What makes for a good net-net?
· High insider ownership / Low institutional ownership
· High F-Score
· Consistent Earnings
· Simple Business
· Decent Return on Equity
· Decent Long-Term Prospects
Comparing the August and July 2011 picks is night and day. Remember, these were both net-nets when the Ben Graham Net-Net Newsletter bought them. In fact, they are both still net-nets today.
|July 2011 Pick||August 2011 Pick|
|10-Year Average ROE||12%||1%|
|Profitable Years||9 out of 10||5 out of 10|
|Dividend Paying Years||9 out of 10||6 out of 10|
It’s hard to see how I could have picked those stocks back-to-back. The July 2011 pick – which is around one-tenth the size of the August 2011 pick – is clearly the superior business.
Both companies have an extra risk factor. The August 2011 pick has a very large technology risk. The July 2011 pick has zero technology risk. But it has a huge customer concentration risk. Overall, I would not consider the July 2011 pick to be any riskier than the August 2011 pick.
The Ben Graham Net-Net Newsletter can afford to make a couple picks like the mistake I made in August 2011. But it’s important to remember how easy it is to overlook some very obvious points. The August 2011 pick was clearly a much worse business than most of those I’ve chosen for the Ben Graham Net-Net Newsletter. Yet, it remains one of the favorite stocks of people who email me.
At the time the Ben Graham Net-Net Newsletter picked the August 2011 pick, it was trading at a tiny premium to its cash. Basically, the stock had about 90 cents in cash for every $1 of its stock price.
That makes up for a lot of sins.
Even a pretty bad company may end up being worth more than the cash it has accumulated.
Still, in yesterday’s article about the Buffett/Munger Bargains Newsletter, I mentioned the idea of calculating a stock’s intrinsic value using:
4. Interest Rates
I’ll talk more about this approach in future articles. But, for now, I ran the formula for the Ben Graham Net-Net Newsletter’s July 2011 and August 2011 picks. Even though the August 2011 pick has fallen from where we picked it – my favorite intrinsic value formula shows it’s actually still 8% overvalued. This is largely the result of its awful earning power. Meanwhile, the formula shows the July 2011 pick is worth 30% more than where it now trades.
For me, this reinforces the importance of applying common sense business analysis to net-nets. Even when you are buying a net-net, the idea is to get the best business for the lowest price. Sometimes that means buying a company for close to its net cash. Sometimes that means buying a company with less cash but more earning power.
In this particular comparison it’s pretty clear to me that the better choice was buying a company with less cash and more earning power.

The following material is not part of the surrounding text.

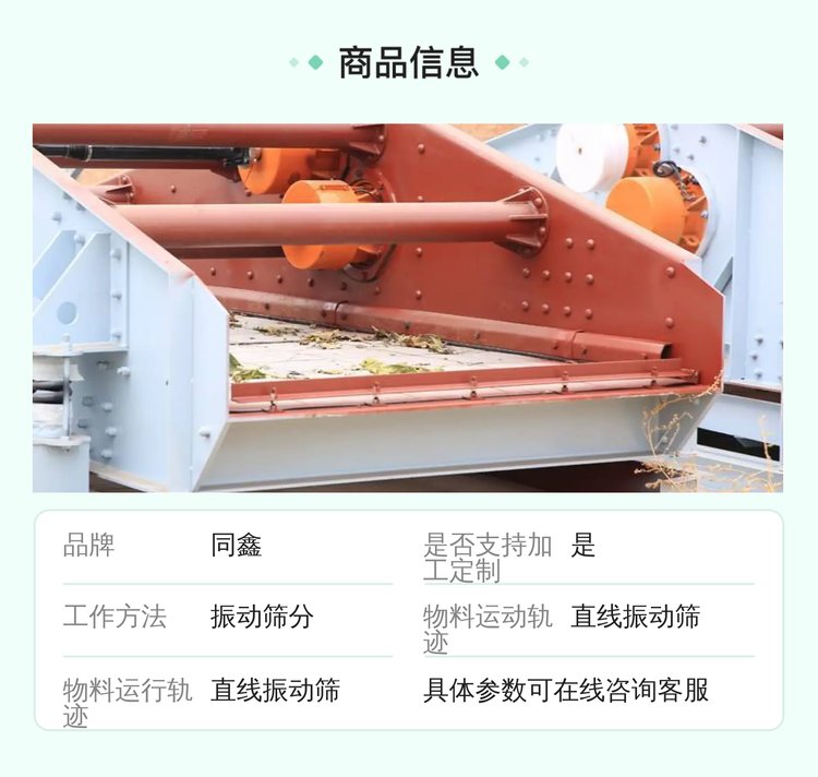 同鑫TX系列振动筛 聚氨酯筛板 直线轨迹 煤泥尾矿脱水

Of course, not every stock I pick for the Ben Graham Net-Net Newsletter can be equally good. Some have to be better than others.
But it’s important to focus on why I make the mistakes I do. In this case, I think my mistake was caused by a false sense of security from:
1. A big market cap
2. A recognizable name
3. And a lot of net cash – but not enough to cover the entire stock price
That last point is critical. Obviously, if a stock has more net cash per share than its stock price the only question is whether the operating business is a net plus or a net minus. As long as the operating business adds some positive value – the stock is cheap.

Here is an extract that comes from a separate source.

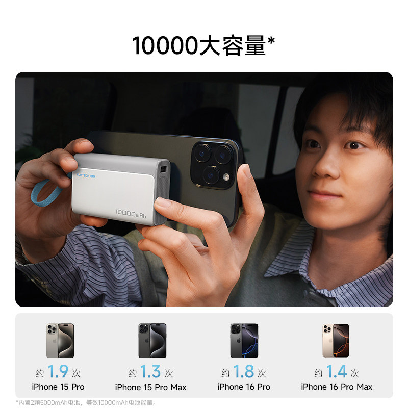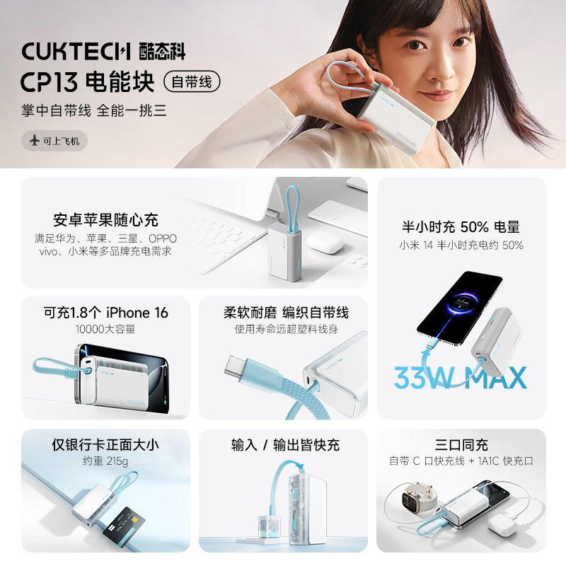 【3C认证】CUKTECH酷态科电芯10000毫安时CP13自带线充电宝33W快充小巧便携移动电源适用于iPhone苹果17Pro

In this case, though, cash accounted for less than 90% of the company’s stock price. Which means there was no margin of safety from the cash alone. So, the stock was only worth buying if the operating business added some real value. In the case of the Ben Graham Net-Net Newsletter’s August 2011 pick – I think that’s an open question. Basically – when we bought it – the stock was 90% investment and 10% speculation. It might have been a very good speculation. In fact, I’d say the odds favored a positive outcome for this stock when we bought it. And the Ben Graham Net-Net Newsletter still might end up making money on the stock.
We’ll sell it in September 2012.
I’ll report back to you then.
And, yes, I’ll reveal the stock’s name at that point.